Spiral Volumetric CT to Diagnose Pulmonary Embolism
Abstract & Commentary
Synopsis: Of 11 published investigations of spiral volumetric computed tomography in the diagnosis of pulmonary embolism, none met all 11 standards applied by the authors for studies of diagnostic tests, and only five articles met five standards. Spiral CT can be helpful for "ruling in" pulmonary embolism, but not for excluding this diagnosis.
Source: Mullins MD, et al. Arch Intern Med 2000; 160:293-298.
The use of spiral volumetric computed tomography (SVCT) to diagnose pulmonary embolism (PE) was first reported in 1992. Since that time, this technique has become more widely used to evaluate patients suspected of having PE. This study sought to determine whether current enthusiasm for SVCT in this context is justified by rigorously examining the available published studies of its use.
Mullins and associates at the University of Virginia performed a MEDLINE search for articles published up to mid-1998. They only included articles reporting comparisons of SVCT to the results of pulmonary arteriograms or another reference standard (such as a high-probability ventilation-perfusion scan in the presence of a high clinical suspicion for PE). To the published articles that met these criteria, Mullins et al applied 11 standards, adapted from accepted methods for scrutinizing studies of diagnostic tests (see Table).
Eleven studies were identified in the English literature prior to July 1998 that met the requirements of Mullins et al for inclusion. These studies came from six different countries, and reported on between 10 and 185 examinations. None of them met all 11 standards shown in the table. In fact, only five of them met five or more standards. Mullins et al conclude that there is not yet an established place for SVCT in the diagnostic evaluation of patients suspected of having acute PE. They point out that SVCT may be relatively sensitive and specific for diagnosing central pulmonary artery PEs, but that it is insensitive for diagnosing subsegmental clots.
COMMENT BY DAVID J. PIERSON, MD, FACP, FCCP
Enthusiasm for and widespread clinical use of a new diagnostic technique typically precedes appropriate scientific studies of its validity and cost-effectiveness. This is particularly true for conditions that are potentially life threatening, and for which the existing diagnostic armamentarium is far from ideal. PE is one such condition. A killer of hundreds of thousands of people annually, PE is notoriously difficult to diagnose, particularly in the presence of underlying cardiopulmonary disease. Ventilation-perfusion scanning is highly accurate in otherwise healthy patients when the history is typical and there are neither coexisting medical problems nor technical difficulties. When these conditions are not met, however, as tends to be the case in the ICU, the ventilation-perfusion scan all too often yields unhelpful "indeterminant" results. The currently popular ultrasound studies of the lower extremities are highly operator dependent and cannot say whether a clot is present in the lungs. The gold standard for diagnosing PE, pulmonary angiography, is invasive and not always easy to obtain.

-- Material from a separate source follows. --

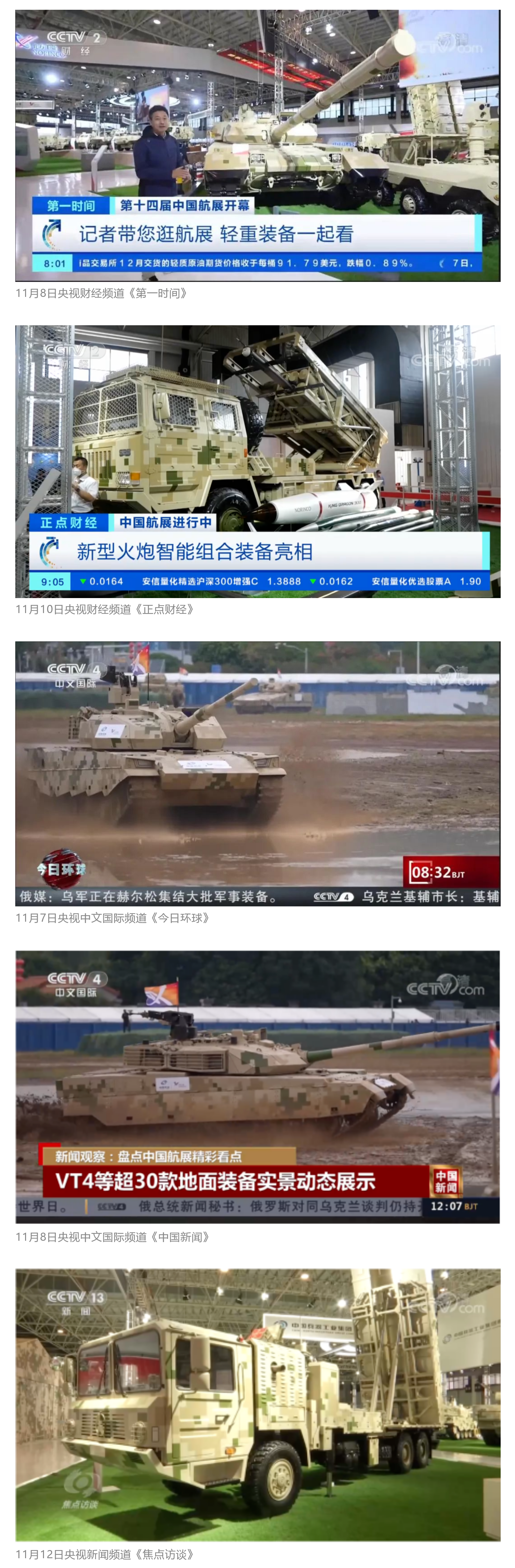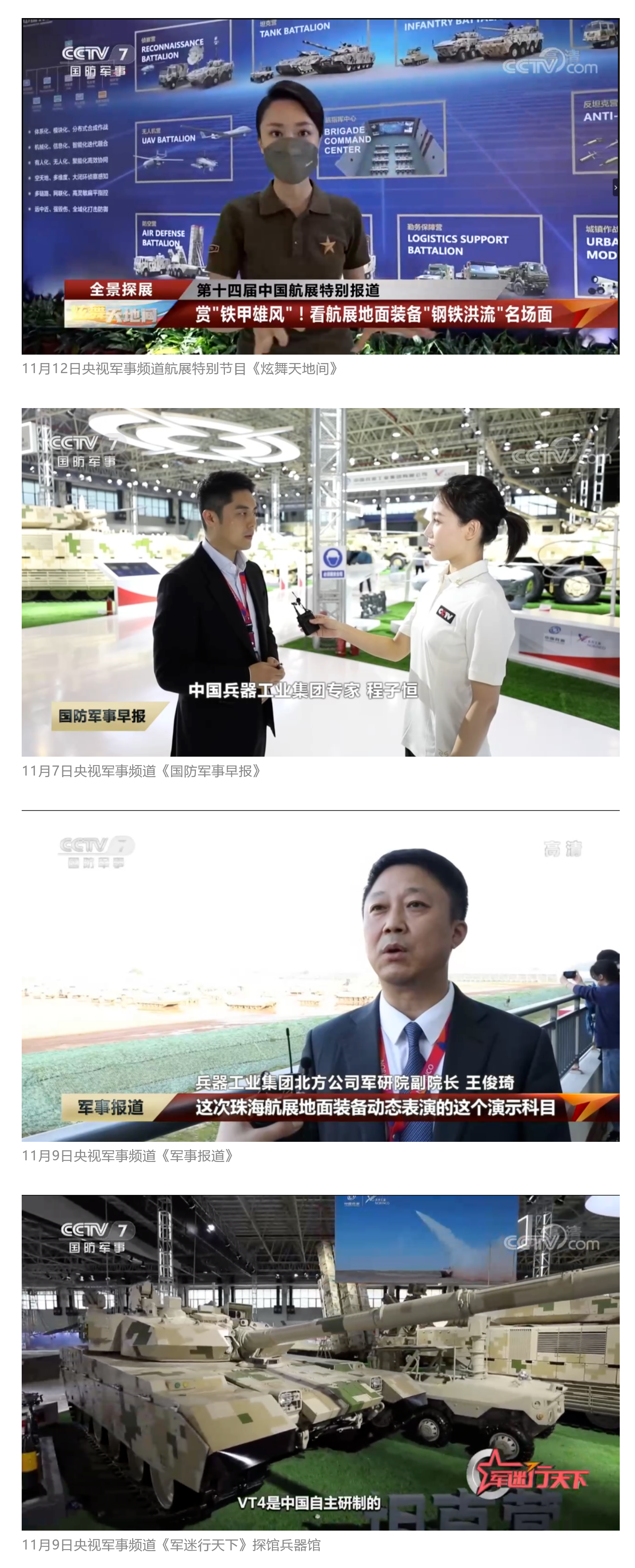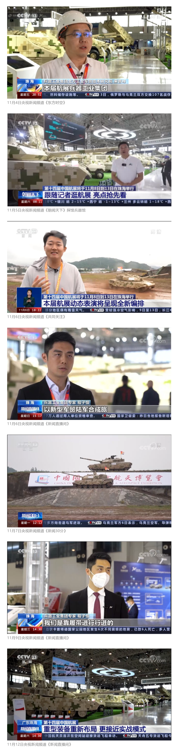 此次航展,央视新闻频道《朝闻天下》《新闻直播间》《东方时空》《共同关注》《新闻30分》《24小时》,央视国防军事频道《国防军事早报》《军事报道》《军迷行天下》,央视国际频道《中国新闻》《今日环球》等栏目共播出兵器工业集团参展相关新闻报道30余条 免费电影。

|Table-Standards by Which Published Studies of SVCT Were Examined|
|1. Clear description of SVCT technique|
|2. Clear criteria for positive or negative result|
|3. Assessment of interpretation reliability by comparing independent (blinded) readings|
|4. Assessment of reliability of SVCT by having some patients undergo repeated testing with comparisons of both tests|
|5. Sufficient description of patient selection process so that similar patients could be studied|
|6. Sufficient description of patients themselves for reader to make comparisons with his/her own patients|
|7. Sufficient description of eligible patients who were not enrolled in study|
|8. Sufficient description of extent of disease so that results could be stratified by location or severity of PE|
|9. Sufficient detail on non-PE diagnoses so that inference of discriminative ability of SVCT for patients without PE possible|
|10. Referral of patients for SVCT and reference standard regardless of results of either|
|11. Results of SVCT and reference standard interpreted independently|
It is no wonder that SVCT has been so enthusiastically embraced by clinicians and radiologists alike. It is easy and quick to perform, and more and more reliance is being placed on its findings. In many institutions SVCT has rapidly become the initial diagnostic study of first choice for patients suspected of having PE. But is this trend justified?
This systematic review points out how incomplete the current database is with respect to using SVCT to diagnose PE. Especially, this test cannot be used to exclude this diagnosis with confidence. SVCT is highly specific for PE, and if it shows a big clot in a central pulmonary artery, the diagnosis is made. However, when a clot is not seen on SVCT, PE has definitely not been excluded. Thus, as Mullins et al point out, SVCT may have a role as a "rule-in" test for large central emboli, but additional research is required to establish its place in clinical practice.
In the diagnostic evaluation of patients suspected of having pulmonary embolism, spiral volumetric computed tomography:
a. is the gold standard.
b. can rule in large central emboli.
c. has replaced the ventilation-perfusion scan.
d. is useful in excluding small peripheral emboli.